En resumen, que, en aras de la supuesta educación, lo que hacemos es no escuchar a los niños, no tener en cuenta ni sus inquietudes, ni sus opiniones, ni sus emociones, convertirlos en personas dóciles de fácil manejo, matando aquello que los hace únicos e insustituibles, tratarlos como autómatas, sin amor y desde la obligación, y aún nos molesta que se aburran y se sientan desmotivados. Conviene no olvidar que esos niños se convertirán algún día en adultos, como bien escribía Krishnamurti:  “La verdadera educación debe ayudar al alumno a descubrir cuáles son sus auténticos intereses. Si el niño no descubre su verdadera vocación, su vida entera le parecerá un fracaso; se sentirá frustrado haciendo lo que no quiere hacer. Si quiere ser artista y, en vez de eso, acaba trabajando de escribiente en una oficina, se pasará la vida quejándose y padeciendo. Así pues, es muy importante que cada uno averigüe lo que quiere hacer, y que luego vea si vale la pena hacerlo”. Es decir, que el prototipo de adulto desmotivado, que ha perdido la pasión por la vida, que se siente resentido y perdido,  no surge de la nada. Es el fruto de lo que sembramos en su infancia. Como dijo Isabel Allende, en muchos casos, la infancia feliz es un mito.

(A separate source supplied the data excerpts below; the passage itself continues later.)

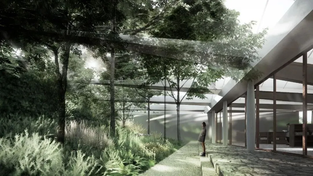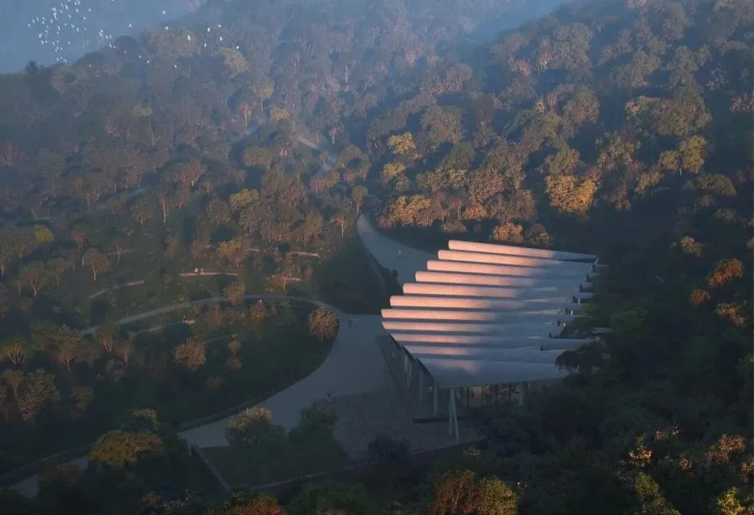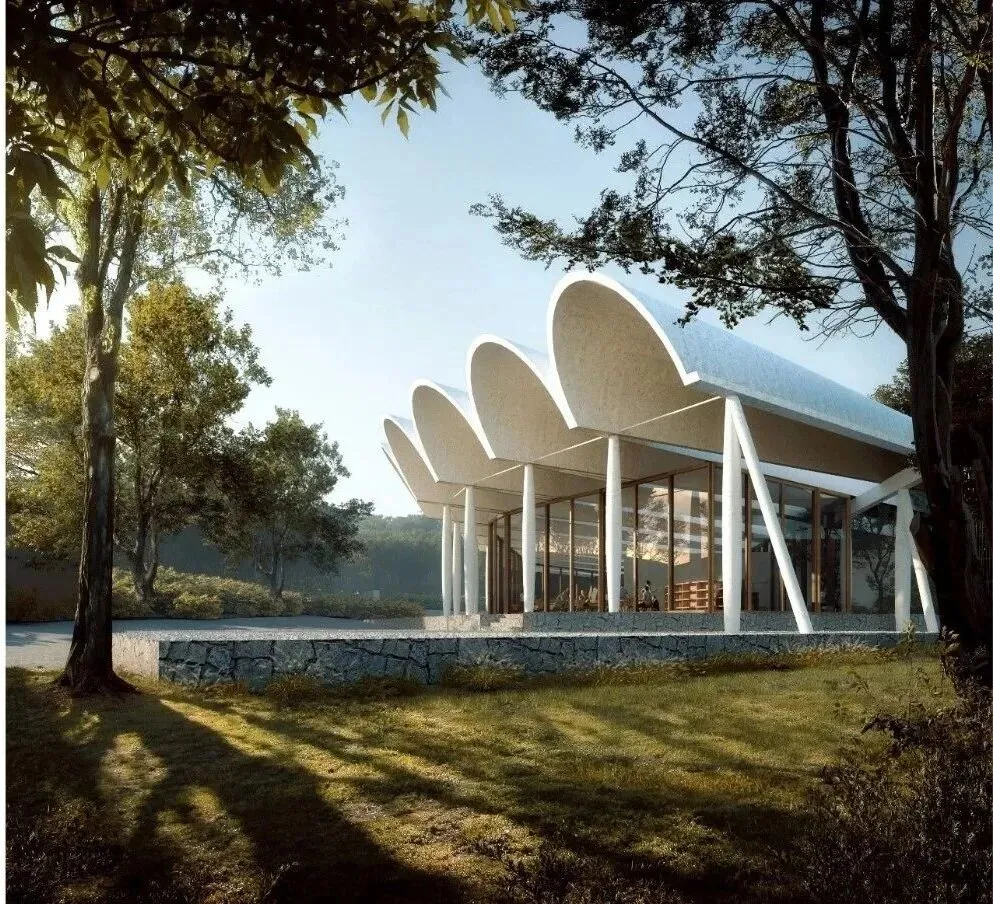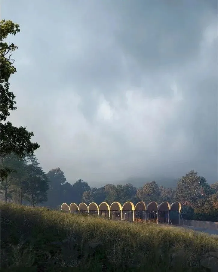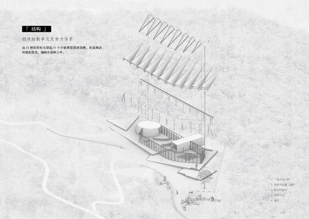从结构和场地高差向背特征出发,形成石砌的台座,区分出场地的领域,其中设置两个服务核,区分空间领域,生成流动开放自由的场所,后续的空间由使用者,运营方不断再定义的新建筑类型。屋顶为“梳”型平面,插入树林,西侧开阔的活动场地,东侧则形成隐秘安静的边院空间与自然对话。这是一种一半建筑,一半庭院的布局,形成大屋架对场地的覆盖,建筑与自然呈现交融\谦逊的半隐式架构。
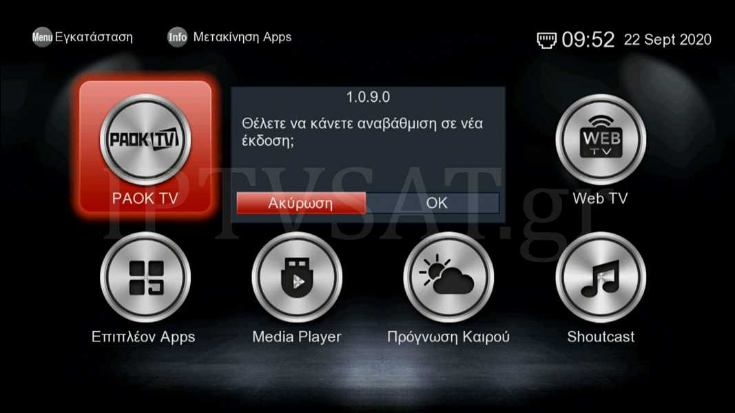 Στην αρχική οθόνη που εμφανίζεται, φαίνονται οι εφαρμογές Vimeo, Stalker, YouTube, Web TV, Media Player, Πρόγνωση Καιρού και Shoutcast, ενώ με την επιλογή “Επιπλέον Apps”, βρίσκουμε και τις εφαρμογές Dailymotion, Xtream και YouPorn.
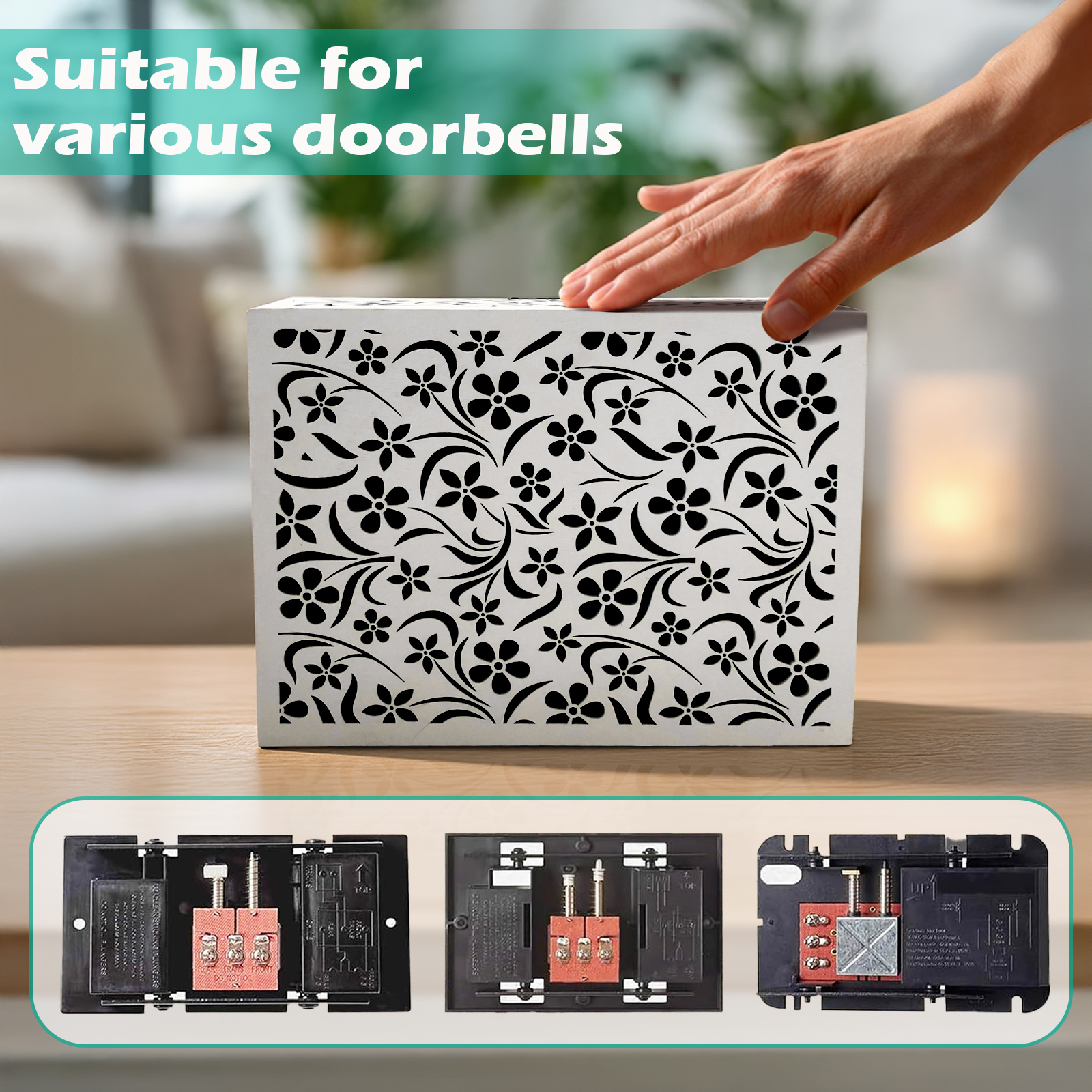 Decorative doorbell cover box – FLORAL LATTICE DESIGN Wood Chime Box 9.84” x 7.87” x 3.15”
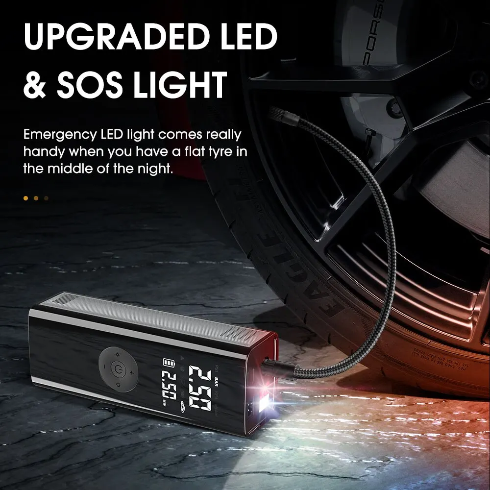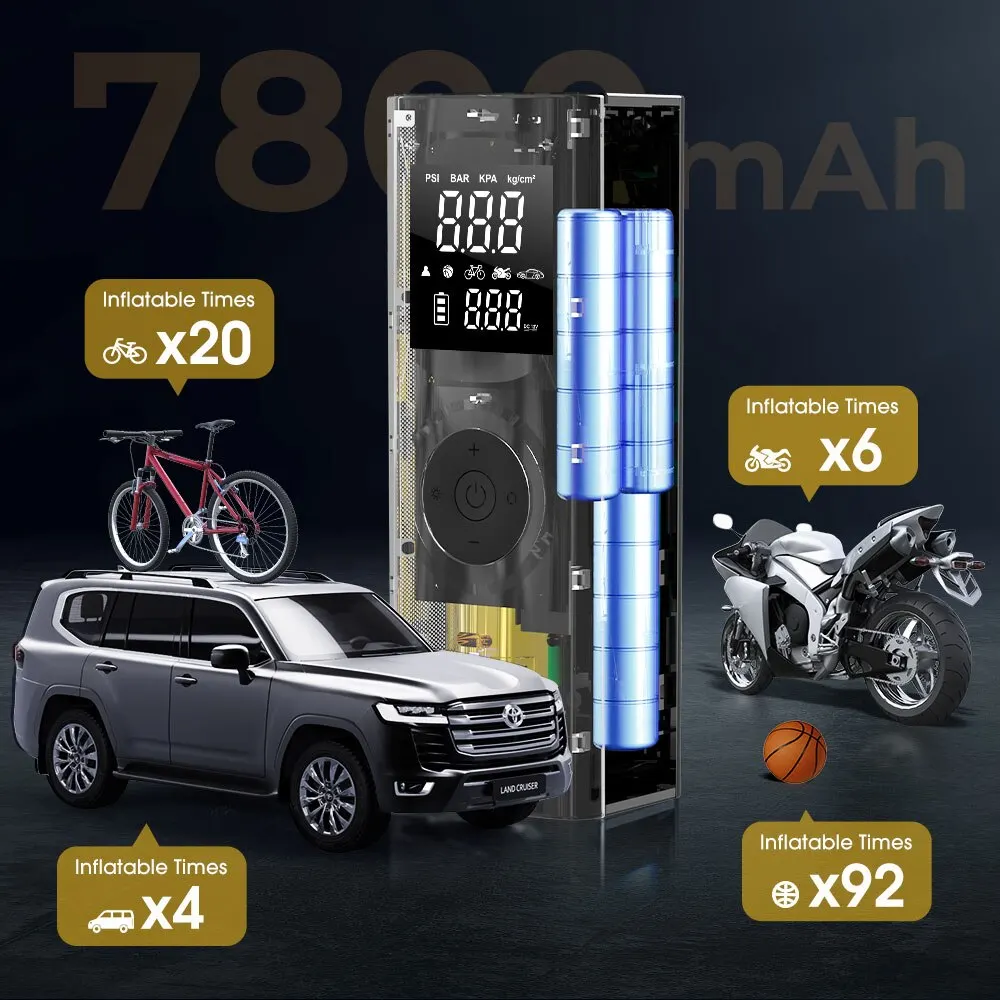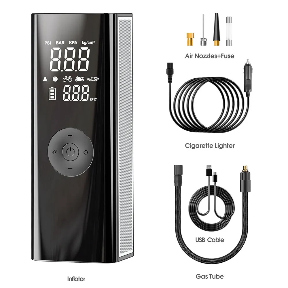 • Batería de alta capacidad :Con una batería de 2600mAh, este inflador puede inflar los neumáticos hasta 150psi sin necesidad de ser enchufado.
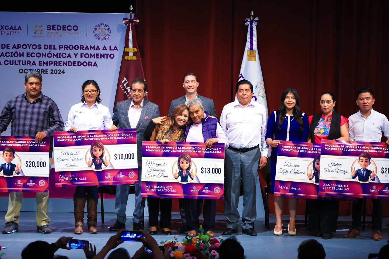 En el Teatro Xicohténcatl, la mandataria estatal comentó que en los últimos dos años, a través de este programa, su administración ha entregado cerca de 12 millones de pesos en apoyos para mujeres, hombres y jóvenes, con el objetivo de consolidar a las empresas tlaxcaltecas y evitar que sigan siendo parte de la informalidad, situación que genera una importante derrama económica y bienestar para las familias.

¿Y cabe buscar culpables? Como casi siempre en la vida, no hay culpables, sólo responsables. Y no me estoy refiriendo sólo a padres o educadores, que, al final,  son hijos del mismo sistema, y que hacen lo que buenamente pueden. En realidad, todos somos responsables de que la educación siga siendo como es, todos excepto los niños. Y lo que tiene de excelente aceptar la propia responsabilidad es que pone también en nuestras manos la capacidad de cambiar las cosas: sin ser ingenuos, seguro que podemos diseñar un nuevo sistema educativo que sí escuche, que sí atienda, que sí valore la diferencia, que sí respete el ser; todo es cuestión de voluntad. Aunque seguramente no será tan cómodo como el actual, sí que supondrá tratar a los niños desde el amor y el compromiso, y eso será garantía de unos futuros adultos con calidad de vida y dispuestos a aportar mejoras a la comunidad. Tal y como dijo Bob Talbert, enseñar a los niños a contar es bueno, pero enseñarles lo que realmente cuenta es mejor. ¿Te apuntas a esta revolución?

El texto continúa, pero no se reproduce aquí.